The long history of inoculation has twists, turns, and unlikely heroes. Here’s the story from Yale University Press:
In England, the medical profession knew about engrafting in the early 18th century as it had been described in papers sent to the Royal Society in London and published in its Philosophical Transactions. It had been observed mostly in Turkey where elderly Greek women equipped only with a rusty needle appeared to have great success immunizing children against smallpox. Their “vaccine” was the smallpox infection itself. This was collected from the pustules of the already infected and preserved in walnut shells. Engrafting involved nothing more than pricking the skin of the child, in the arm or leg or both, and rubbing in the infection. If smallpox “took,” as it invariably did, the patient developed symptoms of the disease that were mostly mild and after two weeks subsided. Reports suggested that it was a miraculous defense against smallpox but the medical profession found it abhorrent and quite incomprehensible.

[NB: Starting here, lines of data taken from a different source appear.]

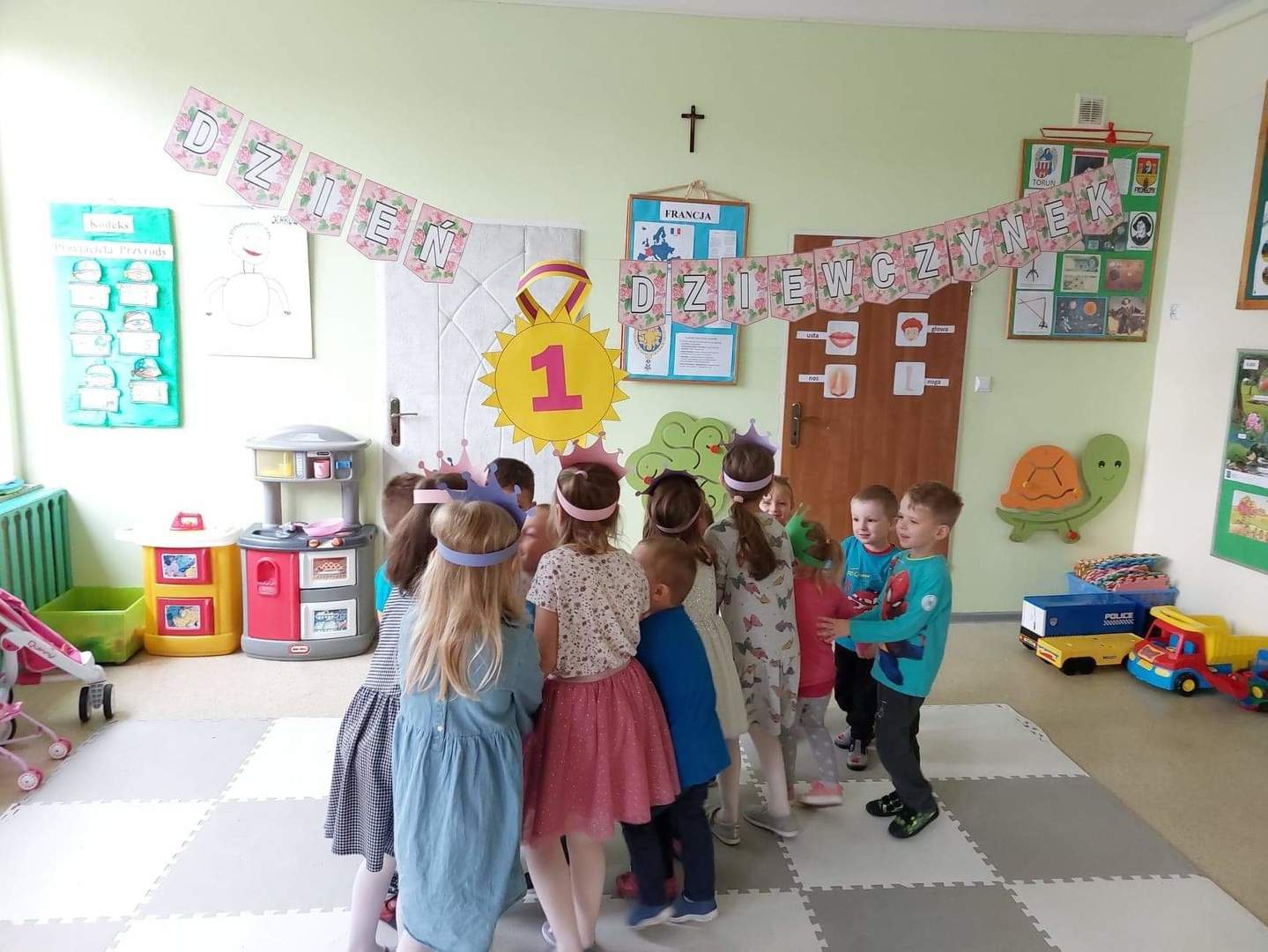 Tegoroczny Dzień Dziewczynek celebrowaliśmy w sposób wyjątkowy, bowiem chłopcy od samego rana zachowywali się jak prawdziwi dżentelmeni – byli bardzo mili, taktowni i szarmanccy. Z wielką elegancją złożyli swoim koleżankom najlepsze życzenia i wręczyli drobne upominki, po czym zaprosili je do wspólnych zabaw i pląsów przy muzyce. Ten dzień dostarczył wszystkim dzieciom dużo pozytywnych wrażeń, uśmiechu i radości. Nasze przedszkolaki udowodniły, że są na medal!!!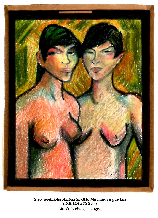Il y a un peu de Luz dans Otto Mueller, dans ce refus de se laisser enfermé dans des cases. Bien qu’ayant fait partie de Die Brücke – dont le nom évoque le pont entre l’art du passé et l’avenir – ce collectif né à Dresdes sous la houlette de Ernst Ludwig Kirchner de peintres un peu bohèmes critiques à l’égard de la société contemporaine qui désiraient rompre avec les conventions artistiques académiques, s’affranchir du beau et privilégier la subjectivité de l’artiste en exprimant leurs émotions lui, plus intéressé par l’harmonie entre les humains et la nature que le sociétal à travers notamment ses portraits de jeunes filles et de tziganes, est toujours resté un peu à la marge et revendiquant avant tout sa liberté, refusait qu’on lui colle une étiquette.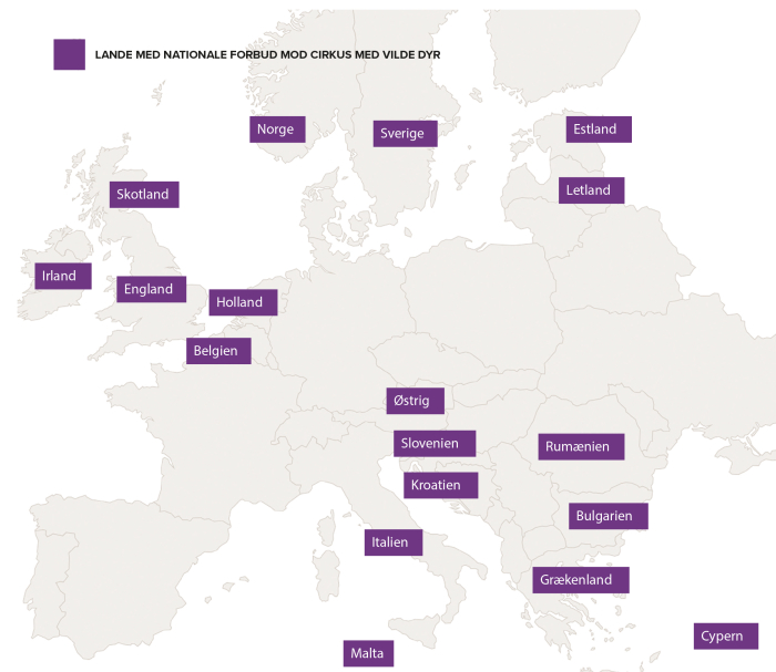 Disse lande har foreløbigt indført forbud mod vilde dyr i cirkus eller er ved at gære det

Their resistance was broken by a very brave aristocratic lady, Mary Wortley Montagu, who saw the Greek women in action when she lived briefly in Istanbul where her husband was ambassador. She had her son and later her daughter “engrafted” with complete success. Royalty was impressed, if the medical profession were mostly hostile. There followed in 1721 a bizarre piece of medical research the like of which would have been unthinkable today: prisoners in Newgate Gaol in London were offered freedom if they would undergo engrafting. All six volunteers survived. Next, some orphans were taken as guinea pigs, and they survived.